You are viewing a plain text version of this content. The canonical link for it is here.
Posted to solr-user@lucene.apache.org by Israel Ekpo <is...@gmail.com> on 2009/10/30 18:04:56 UTC

Re: adding and updating a lot of document to Solr, metadata extraction etc

On Fri, Oct 30, 2009 at 11:23 AM, Eugene Dzhurinsky <bo...@redwerk.com>wrote:

> Hi there!
>
> We are trying to evaluate Apache Solr for our custom search implementation,
> which
> includes the following requirements:
>
> - ability to add/update/delete a lot of documents at once
>
> - ability to iterate over all documents, returned in search, as Lucene does
>  provide within a HitCollector instance.
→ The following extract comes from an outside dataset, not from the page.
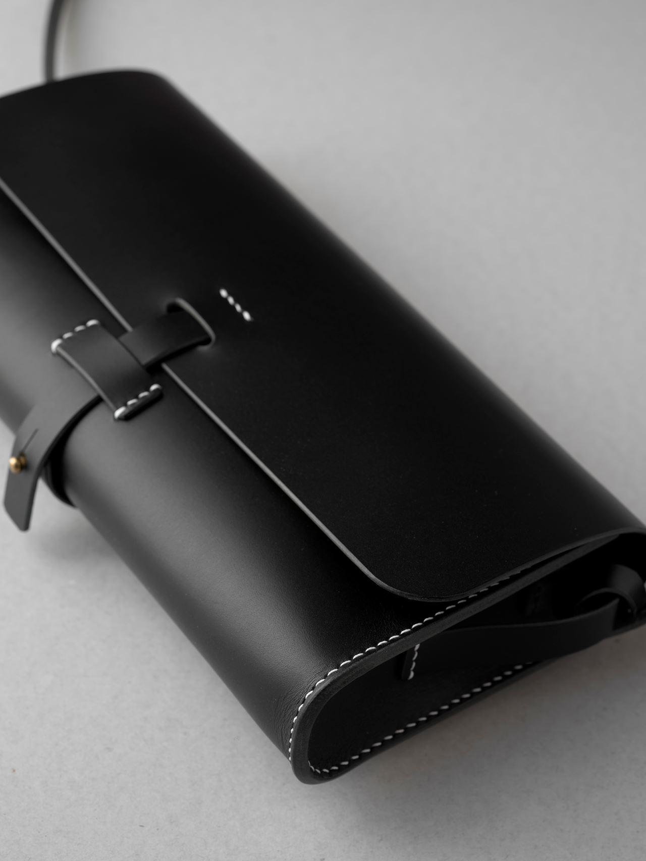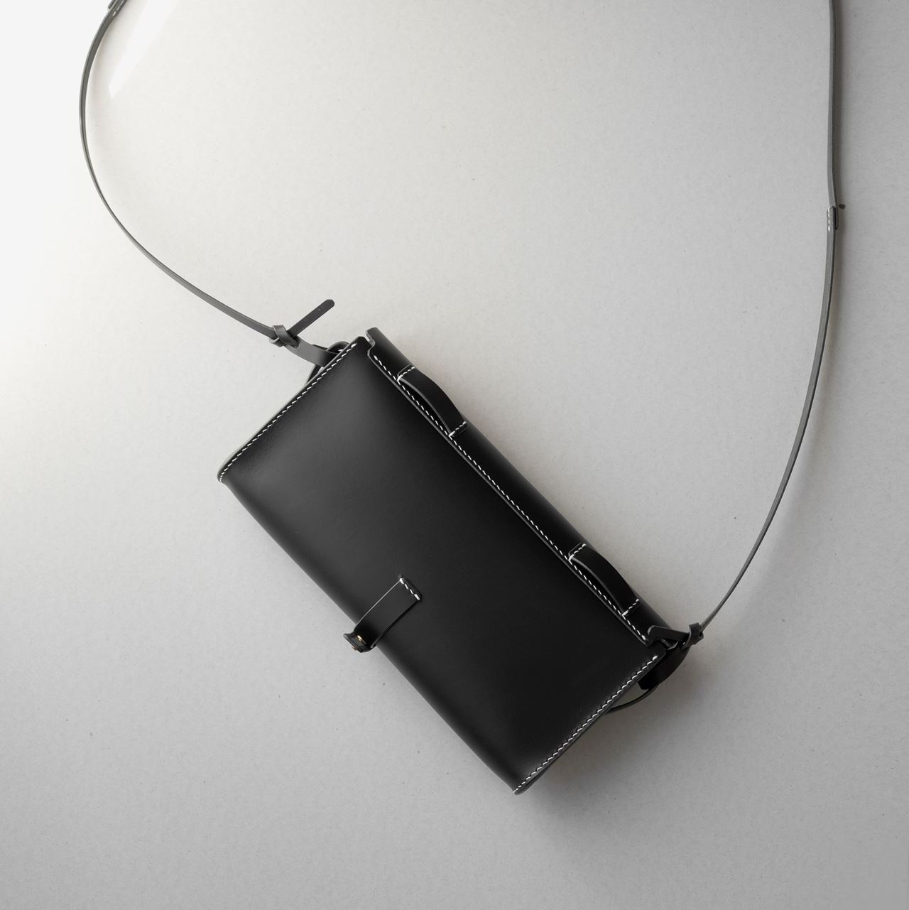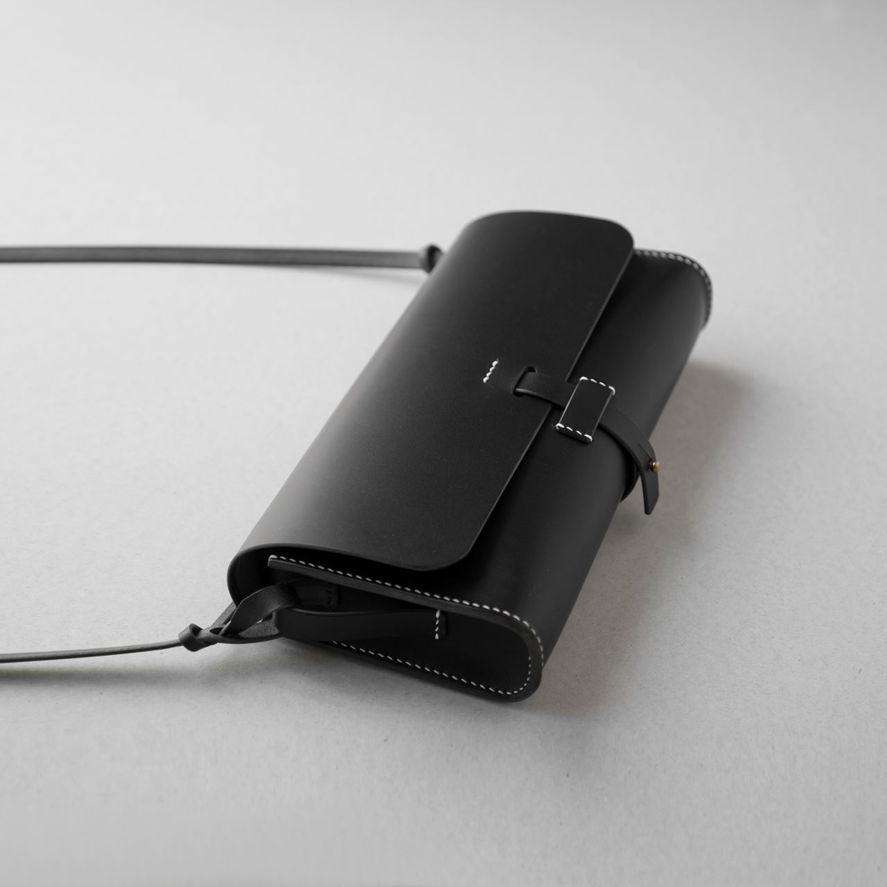 くも舎の耳つき肩かけカバンは、最上級のヌメ革を使用した横長の小さなバッグです。サイズは一般的な長財布や文庫本、携帯電話などが入る大きさです。カバンの側面には大きな耳がついていますので、長いベルトをつければショルダーバッグになります。

We would need to extract and
>  aggregate various fields, stored in index, to group results and aggregate
> them
>  in some way.
>
> After reading the tutorial I've realized that adding and removal of
> documents
> is performed through passing an XML file to controller in POST request.
> However our XML files may be very, very large - so I hope there is some
> another option to avoid interaction through HTTP protocol.
>
> Also I did not find any way in the tutorial to access the search results
> with
> all fields to be processed by our application.
>
> I think I simply did not read the documentation well or missed some point,
> so
> can somebody please point me to the articles, which may explain basics of
> how
> to achieve my goals?
>
> Thank you very much in advance!
>
> --
> Eugene N Dzhurinsky
>

Hi Eugene

Solr has an embedded version but you are encouraged to use the standard web
service interfaces.

Also, the Solr 1.4 white paper just recently released talks about the the
Streaming Updates Solr Server which according to the white paper can index
documents at an incredibly lightening speed of up to 25K documents per
second.

The white paper can be downloaded here

http://www.lucidimagination.com/whitepaper/whats-new-in-solr-1-4

Info about Streaming Update Solr Server is available here

http://lucene.apache.org/solr/api/org/apache/solr/client/solrj/impl/StreamingUpdateSolrServer.html

If you are still interested in the Embedded version to avoid the HTTP
version you can check out the following links

http://wiki.apache.org/solr/EmbeddedSolr

http://lucene.apache.org/solr/api/org/apache/solr/client/solrj/embedded/EmbeddedSolrServer.html

I hope this helps.

-- 
"Good Enough" is not good enough.
To give anything less than your best is to sacrifice the gift.
Quality First. Measure Twice. Cut Once.